À la tribune de la 114e Conférence internationale du Travail, le ministre guinéen de l’Emploi, du Travail et de la Protection sociale, Mory Condé, a dressé un tableau ambitieux des réformes en cours en Guinée. Dialogue social, extension de la couverture sociale, assurance chômage, assurance maladie obligatoire, contenu local : le ministre a aligné les annonces, assurant que « nos politiques publiques n’ont jamais été aussi alignées avec les standards internationaux ».
Face aux délégués du monde entier, Mory Condé a placé le dialogue social au cœur de la stratégie gouvernementale. « La conférence discute cette année d’un sujet fondamental : gérer le changement grâce à un dialogue social inclusif. Pour la Guinée, le dialogue social n’est pas un concept théorique, il est le pilier de notre transition et de notre stabilité.

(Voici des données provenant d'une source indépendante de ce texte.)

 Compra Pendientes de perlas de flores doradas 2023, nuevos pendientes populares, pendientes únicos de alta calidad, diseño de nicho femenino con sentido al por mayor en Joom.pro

Face aux défis économiques et à la nécessaire modernisation de notre marché du travail, nous avons fait le choix de la concertation tripartite », a-t-il déclaré.

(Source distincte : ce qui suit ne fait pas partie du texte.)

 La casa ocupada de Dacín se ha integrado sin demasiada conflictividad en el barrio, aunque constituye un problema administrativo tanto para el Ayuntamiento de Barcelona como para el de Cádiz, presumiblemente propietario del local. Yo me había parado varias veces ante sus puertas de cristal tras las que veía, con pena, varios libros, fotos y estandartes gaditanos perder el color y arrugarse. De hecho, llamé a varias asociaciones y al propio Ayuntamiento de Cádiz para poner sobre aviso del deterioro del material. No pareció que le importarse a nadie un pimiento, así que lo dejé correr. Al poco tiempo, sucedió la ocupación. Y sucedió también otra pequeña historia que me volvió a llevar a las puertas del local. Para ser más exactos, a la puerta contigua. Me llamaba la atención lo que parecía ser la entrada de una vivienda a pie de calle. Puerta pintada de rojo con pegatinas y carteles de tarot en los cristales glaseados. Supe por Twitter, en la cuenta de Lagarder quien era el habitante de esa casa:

La protection sociale érigée en « priorité nationale »
Le ministre a ensuite déroulé une série d’annonces sociales de grande ampleur. « La protection sociale demeure un pilier essentiel de nos stratégies nationales de développement. Nous avons fait de la protection sociale une priorité nationale. Notre ambition est de construire un système de protection sociale plus inclusif, plus efficace et mieux adapté aux défis du futur », a-t-il affirmé.
Première mesure phare : l’extension progressive de la couverture sociale au secteur informel et aux professions libérales, « qui représentent la majorité de nos concitoyens », a-t-il précisé. Une inclusion de taille dans un pays où le travail informel constitue l’essentiel de l’activité économique.
Deuxième annonce : la mise en place d’une assurance chômage et d’une assurance maladie obligatoire. « Nous travaillons à la mise en place d’une assurance chômage, à la mise en place de l’assurance maladie obligatoire et à la modernisation de nos institutions de protection sociale, la CNSS et la CNPS, afin de garantir des pensions dignes », a indiqué Mory Condé.
Troisième disposition dévoilée : la création d’un fonds de soutien destiné aux personnes vivant avec un handicap, intégré au nouveau Code du travail en préparation. « Nous mettrons en place des fonds de soutien pour les personnes vivant avec un handicap. Ce fonds est consacré dans le nouveau Code du travail en cours de préparation », a-t-il souligné.
Simandou et contenu local : « la croissance doit se traduire par des emplois décents »
Sur le volet économique, le ministre a inscrit son propos dans la perspective de l’exploitation du gisement de Simandou. « La Guinée est à l’aube d’une transformation économique majeure avec le démarrage des grands projets miniers, notamment Simandou. Notre credo est clair : la croissance doit se traduire par des emplois décents pour les Guinéens. Nous mettons un point d’honneur à appliquer strictement les règles du contenu local. Il ne s’agit pas seulement de contrats, mais de transferts de compétences et de création de valeur sur nos territoires », a-t-il affirmé.
Un discours offensif sur le papier. Reste à le traduire en actes dans un pays où le chômage des jeunes et la précarité de l’emploi demeurent des défis structurels majeurs. Le ministre en a d’ailleurs convenu : « Le chemin vers un travail décent pour tous en Guinée est pavé de défis. »
Un appel à l’OIT pour le financement de la protection sociale en Afrique
Mory Condé a conclu son intervention en sollicitant l’appui de l’Organisation internationale du Travail. « L’OIT est pour nous un partenaire stratégique et nous appelons à une coopération renforcée pour le financement de la protection sociale en Afrique », a-t-il fait savoir.